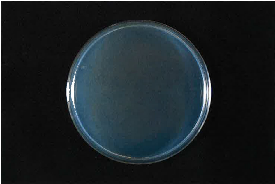
Photo 8 Staphylococcus aureus

After exposure to the test object approximately 5 seconds (washing fluid 1 mL)
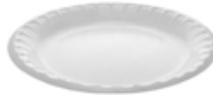
543036 PACTIV PLATE 9" FOAM LAMINATED 4/125EA
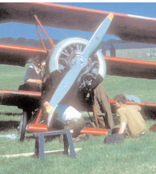
Darling Lily 1968: Landing incident in Weston
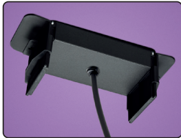
Blade mounting under desk with NEW ZIP toolless clamps.

Sleek low-profile, modular design customised to meet the individual's needs. Anodised solid aluminium body for durability and aesthetics with plastic sides, which allow for custom width adjustments. Fully customisable modular designed unit that fits in any desktop finish. Ideal for high-end computer workstations. Through wiring to allow for "daisy chain" installations via interconnect leads and splitter block.
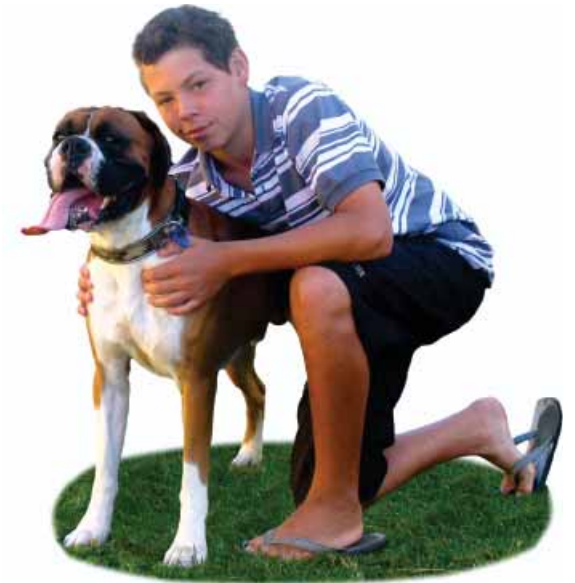
Photo: Zander, the 2008 Poster Dog with his owner

Please note that the winning photo and details will be submitted to the local papers for publishing along with a press release. The winner may also be required to have their photo taken for the papers. When submitting your photo you are allowing Council to use this photo in posters and other promotional material.
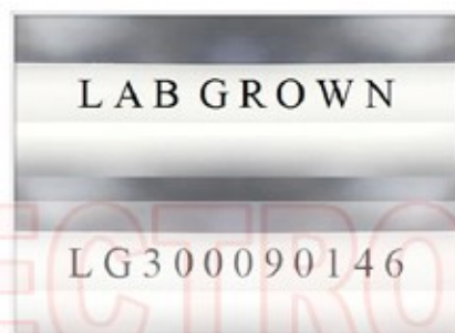
Girdle laser inscribed "LAB GROWN" and "LG300090146"

*Comments: This man-made diamond was grown in a laboratory by the HPHT method, and has the same chemical, physical, and optical properties as a natural earth mined diamond.
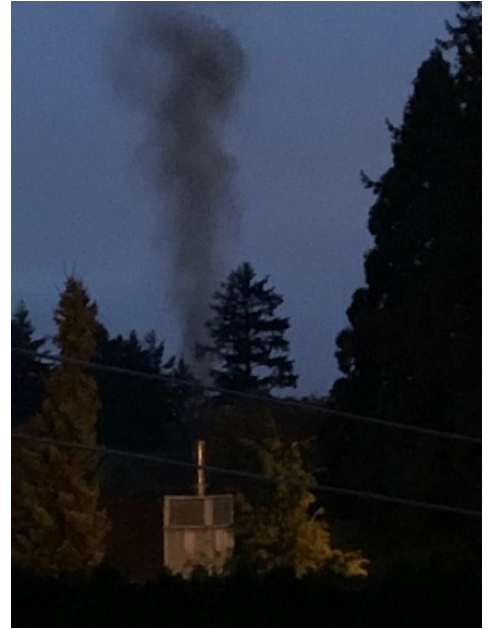
Crematorium emissions continue to be a concern
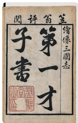
Li Liweng's Annotated Romance of the Three Kingdoms in BnF

portrayals of the Three Kingdoms period. It stands as a remarkable example of the fusion of visual artistry and literary tradition.
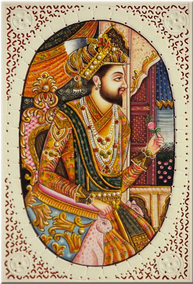
After Mumtaz Mahal died, Shah Jahan lived for thirty-five more years. He died in 1666.

When Mumtaz died, Shah Jahan was heartbroken. People said he was so sad that his beard turned white, and he cried so much, he needed glasses.
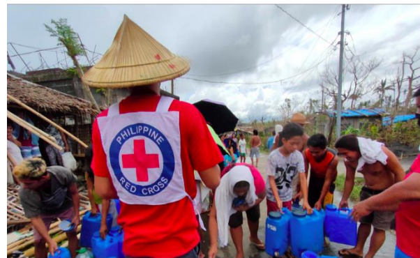
Water distribution to the affected people in Albay.

To meet the water needs, PRC deployed six water tankers and a bladder water filtration unit to distribute safe drinking water in areas of Catanduanes, Albay and Camarines Sur. A total of 4,226,822 litres of water has been treated and distributed by PRC. The actualised target mentioned above regarding water distribution is related to the unidentified contribution of water regarding the appeal and its reach. With the support of the IFRC, the PRC has distributed 12,000 litres of water and jerry cans (10L) to 4,300 affected families (see shelter section for details).
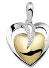
'See You' memorial jewellery

We offer a significant range of keepsakes and memorial jewellery that incorporate or store ashes. See our separate brochure for more details.
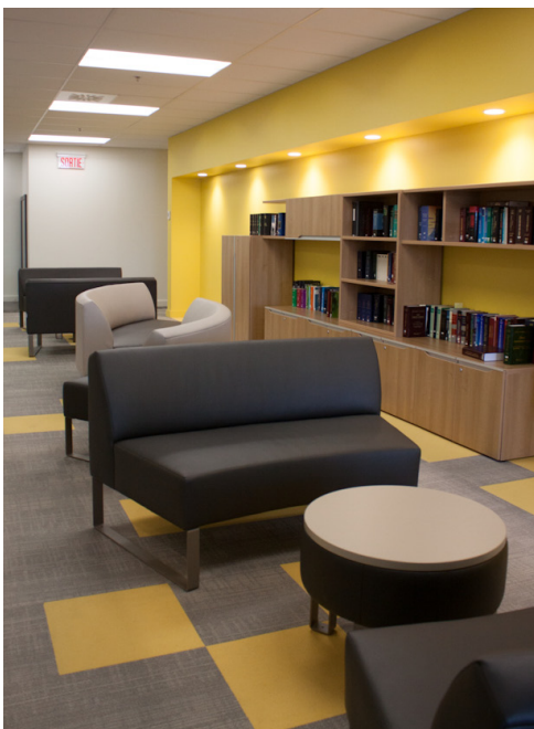
Top: Nex furniture and Nvision System for the assistant workstations. Below: Nex storage modules and Hip Hop modular soft seating for the meeting and lounge areas.

····················

** EXERCISE PROMPT **
Wherever a line of the entries holds the string "jewellery", copy that line.

** RESPONSE BOX **
'See You' memorial jewellery
We offer a significant range of keepsakes and memorial jewellery that incorporate or store ashes. See our separate brochure for more details.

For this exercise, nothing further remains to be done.